Nous venons de détecter les ondes gravitationnelles avec LIGO mais la compréhension de l’univers sera encore pour longtemps basée sur les ondes électromagnétiques. 96% de l’univers nous étant inconnu (matière et énergie noires), le rôle de la physique fondamentale est donc d’interroger l’électromagnétisme linéaire Maxwellien du XIXème siècle (et ses bosons, les photons), qui reste le cadre actuel de l’astrophysique.
Parmi les théories non-linéaires proposées, il y a le formalisme de Born-Infeld qui introduit la régularisation de l’électron et celui de Heisenberg-Euler avec les interactions quantiques de la lumière et les champs électromagnétiques très intenses. Dans les magnetars, le champ magnétique provoquerait un décalage, vers le bleu ou le rouge suivant la polarisation, de la fréquence de photons émis. Ce décalage atteindrait jusqu’à un dixième du décalage gravitationnel du à la masse du magnetar.

Un autre volet d’électromagnétisme non-Maxwellien concerne le photon massif proposé par de Broglie-Proca et poursuivi par Schrödinger, Born et beaucoup autres jusqu’à nos jours. La masse du photon pourrait se manifester à travers une déviation de la loi d’Ampère. Nous avons utilisé les données de Cluster sur le vent solaire et cherché la différence entre le courant du rotationnel du champ magnétique, mesuré par les magnétomètres, et le courant des ions et électrons. Une autre manifestation du photon massif pourrait être le délai d’arrivée des photons basses fréquences des pulsars. Plusieurs tests ont été publiés dans le domaine radio (GHz), optique et gamma. Par contre, le spectre pour f < 15 MHz est inconnu. Là on suppose de sources exotiques, autres que les pulsars. Pour échapper à l’atmosphère, un essaim de nano-satellite, appelé OLFAR, est en cours d’étude. Le LPC2E est membre de l’équipe scientifique mais l’implication pourrait s’élargir à cause de l’intérêt du laboratoire vers les nano-satellites (chambre plasma, pédagogie).

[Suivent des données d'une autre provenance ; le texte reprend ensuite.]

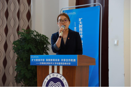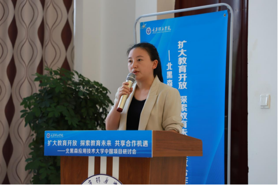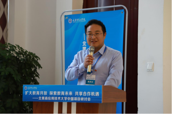 中德应用技术学院副院长侯宇晶对我校中德应用技术学院办学情况以及教学成果等基本情况做简单汇报后,从多元课程研发,双校园无缝衔接、多重导师指导,全方位个性定制、多维互助学习,高效率共同发展、助教全程协作,1:1卓越教学、多样感恩机制,强动力稳健成长、特色双院活动,博众长联动融合、六个方面就我校与北黑森应用技术大学合作的情况做了工作总结。
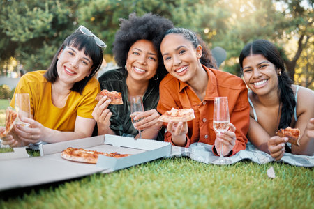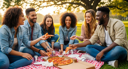 Find you friends wholl buy you pizza. Cropped shot of a group of young friends having pizza together during a picnic in a park.
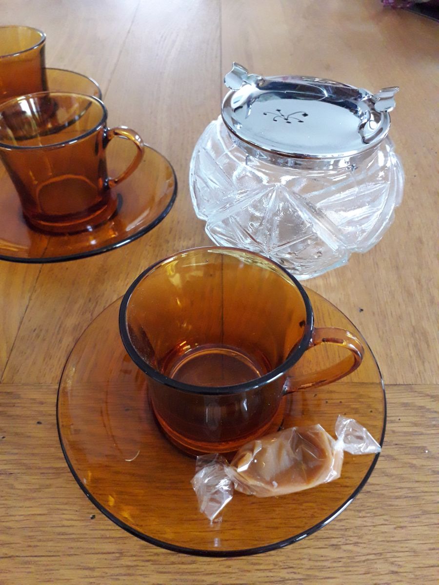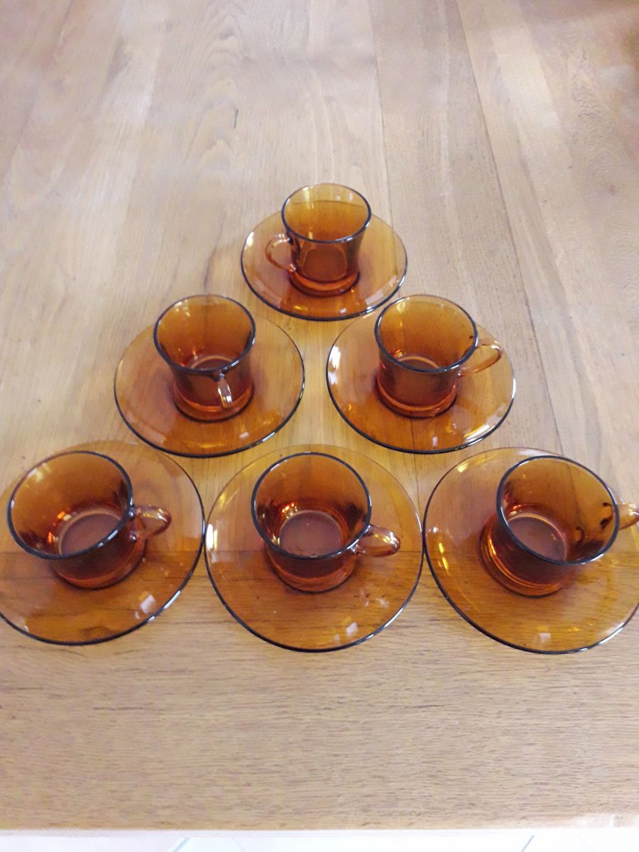 Touche délicatement vintage avec cette série de 6 tasses et sous tasses en verre trempé. De la célèbre marque française DURALEX , d'une belle couleur ambrée, en excellent état malgré les années.
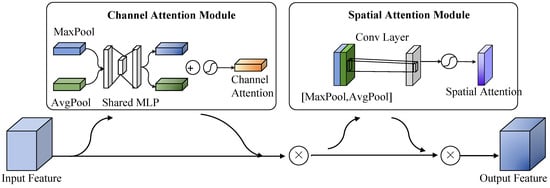 In order to improve the accuracy and robustness of pavement disease detection, this paper instantiates the feature attention module by CBAM [37], which can partly overcome the limitations of traditional CNN in dealing with objects with different scales, shapes, and orientations, and enable the model to focus on the crucial features of pavement diseases by simultaneously enhancing the channel and spatial attentions of the feature maps without significantly increasing the computational complexity, thus improving the overall performance of the model. As shown in Figure 5, CBAM consists of two key modules, namely, channel attention module and spatial attention module.
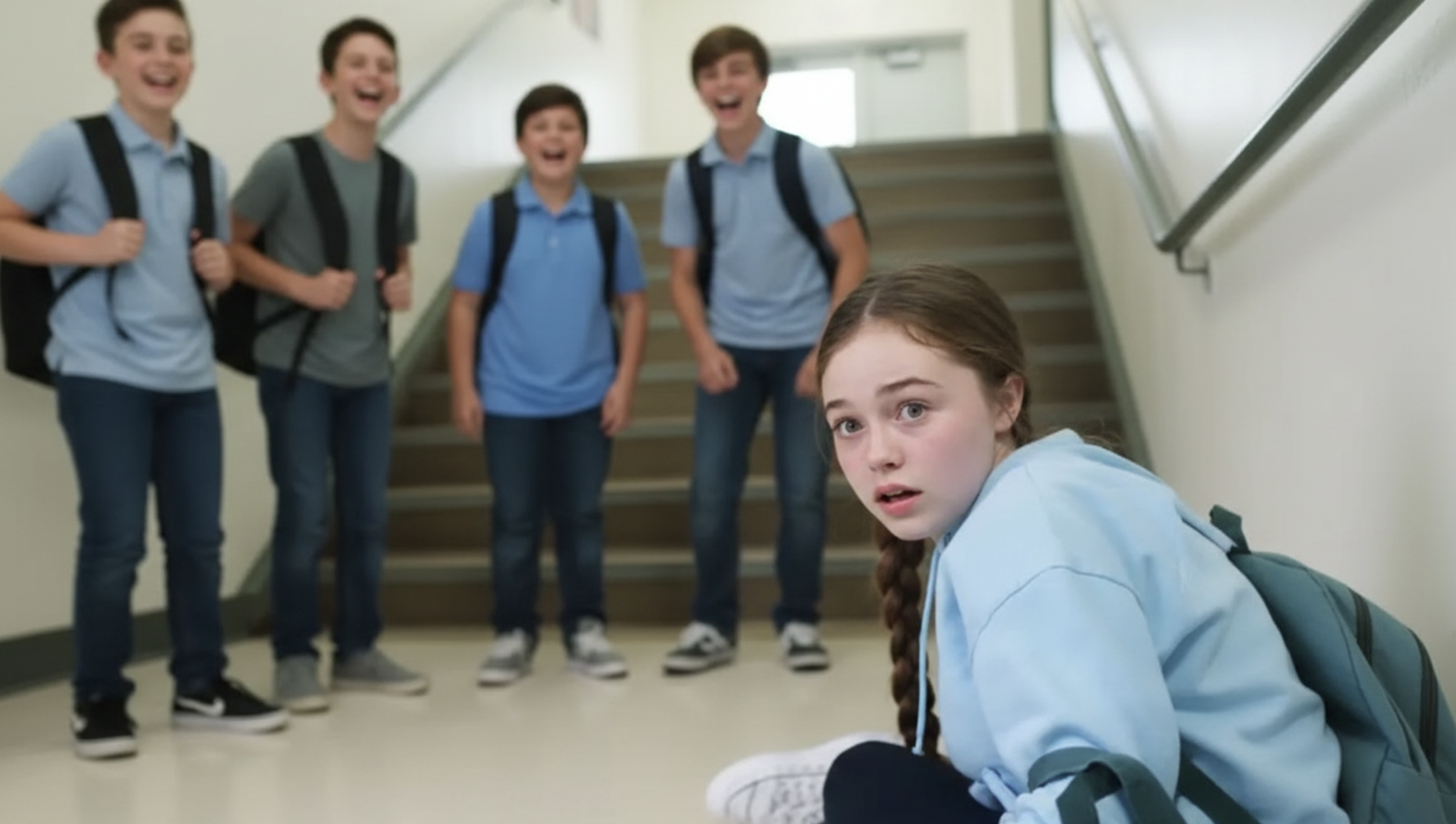 The lunch bell at Oakridge High had barely stopped echoing when I felt a hard shove between my shoulder blades. My feet slipped, and my sketchbook, filled with drawings for my dad, flew from my hands as I tumbled down the stairs. Each step felt like a hammer against my shin, hip, and shoulder until I crashed, gasping for air. Laughter from above was the only response.

Les délais dus à la masse et à la dispersion par le plasma sont tous deux proportionnels à l’inverse du carré de la fréquence, mais on espère cependant pouvoir séparer les deux effets à travers l’analyse de la superdispersion (l’excès de dispersion). Une autre opportunité pour contourner la dispersion est de chercher les sources extragalactiques. Les FRBs (Fast Radio Bursts) pourraient donner cette opportunité si la galaxie hôte, et donc la distance (i.e. le redshift), étaient identifiées. Une dépendance en redshift différente entre l’effet de la densité électronique et celui de la masse du photon permettrait ce découplage. Une étape future pourrait considérer également différentes valeurs de paramètres cosmologiques. La question du photon massif pourrait également être approchée à partir de l’analyse à basse fréquence des décharges d’orage en lien avec les travaux de l’équipe « atmosphère ». Enfin, une autre opportunité serait l’utilisation du signal en bande S et K des horloges atomiques (ACES-PHARAO) sur la station spatiale.

Le Modèle Standard (MS) unifie les interactions nucléaires, électromagnétiques, faibles et forts. Bien que le MS a montré énorme succès et fournit de prévisions expérimentales, il laisse certains phénomènes inexpliqués : la gravitation de la relativité générale, l’expansion accélérée de l’univers, la matière noire, les oscillations et les masses des neutrinos. Enfin, il prévoit la masse du boson de Higgs supérieure à la masse détectée au CERN. Des théories qui vont au-delà du MS ont donc été proposées. Elles sont appelées Extension du MS (EMS), parmi lesquels la SUper SYmétrie (SUSY). Cette dernière garantie l’invariance de Lorentz (l’indépendance des expériences en orientation, position et vitesse). Les conséquences de la brisure de SUSY et de LI lors de d’univers primordial se manifesteraient aussi à nos énergies actuelles : parmi ces conséquences, le photon massif – invariant de jauge - détectable avec les moyens déjà décrits. Enfin, parmi toutes ces questions, la plus pertinente pour la cosmologie est de comprendre si l’électromagnétisme non-Maxwellien pourrait causer un décalage en fréquence à grande échelle.